Por Juliana dos Santos Soares
14/07/2011
“O entendimento é o substituto do risco”
Antonio Gámiz, Psicoterapeuta espanhol
Por que eu me sinto dessa forma? Isso que sinto é tão estranho… É permitido? É válido? Faz algum sentido? É normal? Será que outras pessoas também são assim? Às vezes me vem uma vontade de chorar, mas acredito que não posso fazê-lo em público; por que sinto essa vontade? De onde vem isso?
Esses são questionamentos que já escutei inúmeras vezes em processos terapêuticos. Pertencem a um contexto específico, afinal a Psicoterapia é o cenário do entendimento interno, mas a maioria de nós já se flagrou com questionamentos semelhantes, nas mais diferentes situações. Há aí uma grande sede de autoconhecimento.
Tudo bem, isso é muito válido e louvável. Afinal a sabedoria socrática nos aconselha há centenas de anos: “Conhece-te a ti mesmo”. Esse é o verdadeiro caminho do crescimento. Entretanto, se uma pessoa percorre esse caminho apenas pela trilha das ideias, do entendimento racional de como funciona, isso pode se tornar contraproducente – a pessoa conhece cada vez menos de si. O apego à compreensão pode, de forma paradoxal, dificultar o seu contato com o mundo externo – afinal a pessoa está mergulhada em seus pensamentos e assim não entra em relação plena com o mundo ao seu redor – e também com seu mundo interno – pois não somos seres apenas mentais, mas também emocionais e instintivos. Novamente citarei Eduardo Galeano, sobre quem postei Aqui: “Me interessa a sabedoria que combina o cérebro com as tripas”. Somos tudo isso – cérebro, tripas, emoções e sentimentos, e tudo isso tem o seu valor.
Assim, se queremos nos conhecer de verdade um bom caminho é estarmos conscientes não apenas daquilo que acontece em nossa mente, nossos pensamentos, julgamentos e compreensões, mas também daquilo que se passa com nosso corpo: o ritmo da nossa respiração, a forma como esse corpo está no momento, as tensões presentes, as sensações de uma forma geral. E também dos nossos sentimentos, sem nenhuma análise sobre certo ou errado, adequado ou inadequado: apenas entrarmos em contato com o que somos, como somos. Simplesmente (e nem sempre isso é simples) respirar e prestar atenção.
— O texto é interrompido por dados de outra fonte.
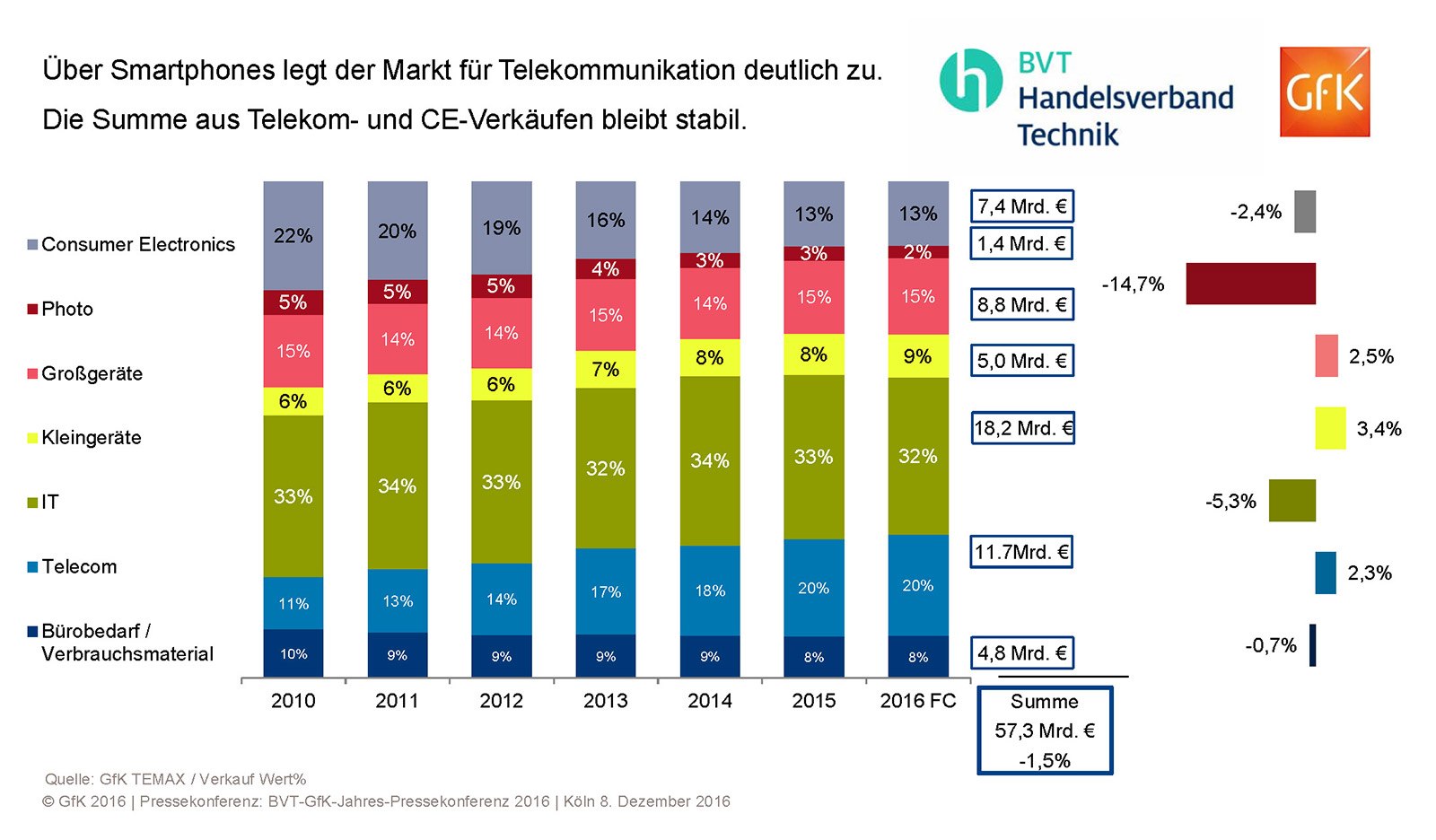 Besonders spannend: „Die weiße Ware zieht den Markt“, bilanzierte BVT-Geschäftsführer Willy Fischel bei einem Pressegespräch in Köln vergangene Woche. Der derzeitige Immobilienboom, verbunden mit dem Trend zur Küchenmodernisierung und Hausgeräten der neuesten Generation mit einem deutlichen mehr an Komfort, sorgen dafür, dass das Geschäft deutlich an Fahrt aufnehme. Unter dem Strich erwartet der BVT mit 57,3 Milliarden Euro in 2016 eine Marktentwicklung auf Vorjahresniveau (2015: 58,1 Mrd. Euro).

Essa experiência nem sempre parece agradável, porque pode levar a um mundo de sentimentos e sensações desconhecidos, de coisas não-postuladas e por isso muito arriscadas de se viver, por não estarem sob o nosso controle. É como em Alice no País das Maravilhas, clássico de Lewis Carroll, em que Alice mergulha nesse reino do seu interior e é revirada, cresce, encolhe, enfim, desvenda esse horizonte e é desvendada por si mesma. Na recente versão para o cinema de Tim Burton (2010) há uma fala muito significativa: “Existe um lugar como nenhum outro no planeta. Uma terra cheia de maravilhas, mistérios e perigo. Dizem que para sobreviver nesse lugar você precisa ser tão louco como um chapeleiro”.
É assim que acontece: “O entendimento é o substituto do risco”… Protege-nos dele, nos deixa mais seguros. Sem dúvidas precisamos do entendimento, bem como da segurança e do controle – numa certa medida. Mas um pouco de risco – e ouso dizer, de loucura –, quando bem equilibrados com a compreensão, só podem nos levar mais longe no nosso crescimento.